The Legend of Zelda: Breath of the Wild — A little help would be nice
In many ways, The Legend of Zelda: Breath of the Wild resembles Animal Crossing: New Horizons more than a traditional action-adventure game. Very little is explained about how the world works and what you're supposed to do. While players are meant to figure everything out, there are times that the game's logic can seem baffling if you're not consulting a guide.
A quest might tell you to speak to an innkeeper, but if you chat with her standing in front of her desk she'll just deal with you as a prospective customer whereas if you walk behind her desk you'll actually get the quest prompt. Kids standing around a stable will tell you how to catch and tame a wild horse, but you need to speak to a different character to actually keep your new mount. Shining rock deposits can't be mined but can be harvested if you blow them up with a bomb.
If you talk to and really listen to every NPC you meet, you'll learn plenty about how to use Link's powers and interact with the world. But conveniences players have come to expect from modern games are either entirely lacking or inconsistent. I love puzzling out new recipes in any crafting system and there's a huge variety to be found by tossing all sorts of components into a cookpot. However, even once you've discovered a recipe you have to keep selecting each component individually for the rest of the game without being able to consult a recipe book to remind you what it will make.
Sometimes when you get advised to go to a new place, the quest marker will move there. Sometimes it will just stay with whoever gave you the tip and you need to just remember the directions. That's tricky given that the game's terrain can often look very similar and that it's easy to get distracted running off to chase down a critter or a shrine that pops up on your map. Forcing you to stay on track feels perverse for a game that's ostensibly about the joy of discovery.
The Legend of Zelda: Breath of the Wild — Should you buy it?
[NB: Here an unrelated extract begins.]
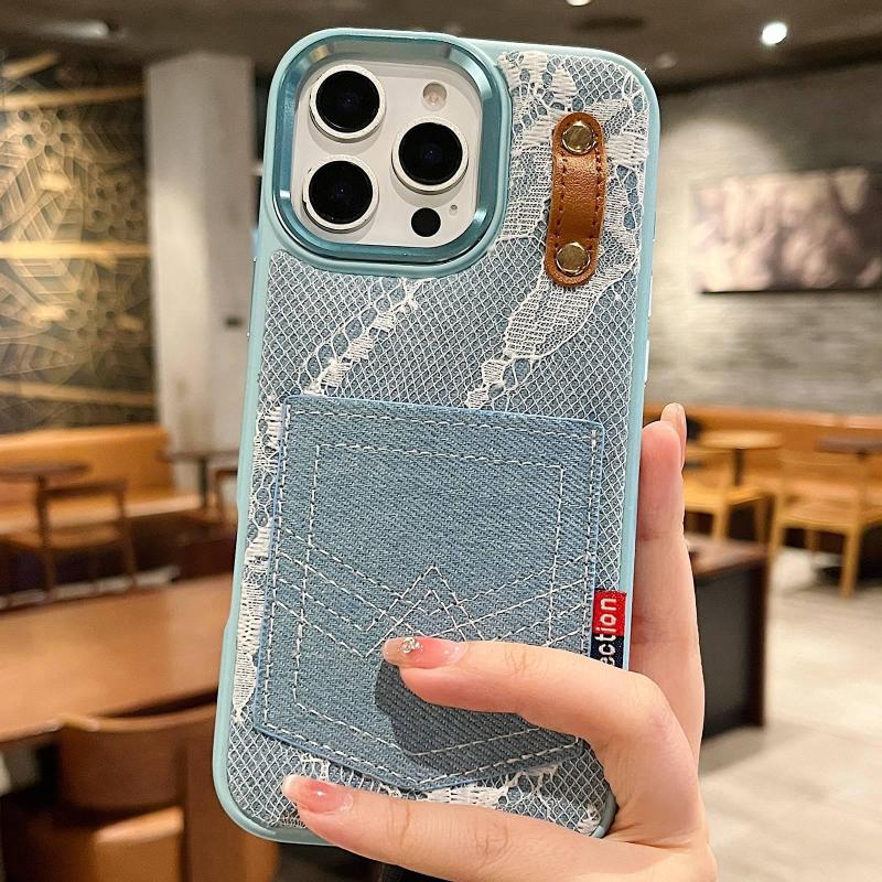 For iPhone 16 Pro Max Denim Leather Pocket Design Phone Case(Light Blue)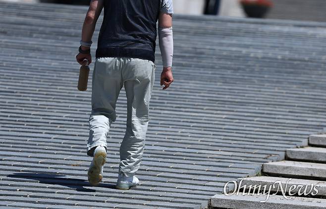 | ▲ 폭염 11일 오전 서울 용산구 대통령실 앞에서 집회를 마친 전국레미콘운송노조 노동자가 뜨거운 햇볕 아래 힘겨운 발걸음을 옮기고 있다. |

Breath of the Wild is massive and its weaknesses can get particularly annoying if you try to move through it too fast. Take your time to wander the gorgeous landscapes looking for secrets or just turn on your Switch and enjoy the ability to hop into a dungeon and spend a few minutes testing your brain and coordination. If you pace yourself, you'll find a lot to love.
This game was one of the biggest reasons to buy the Switch when it came out, and it remains a title everyone with the console should try. If you haven't played a Zelda game before, you don't need to be intimidated. The game's lore is easy to pick up and the mechanics will feel familiar to almost anyone who's played an open-world adventure game or RPG. If you have played Zelda games but weren't a fan of some of the series' mechanics, you might still want to try out Breath of the Wild considering how much it transforms the experience.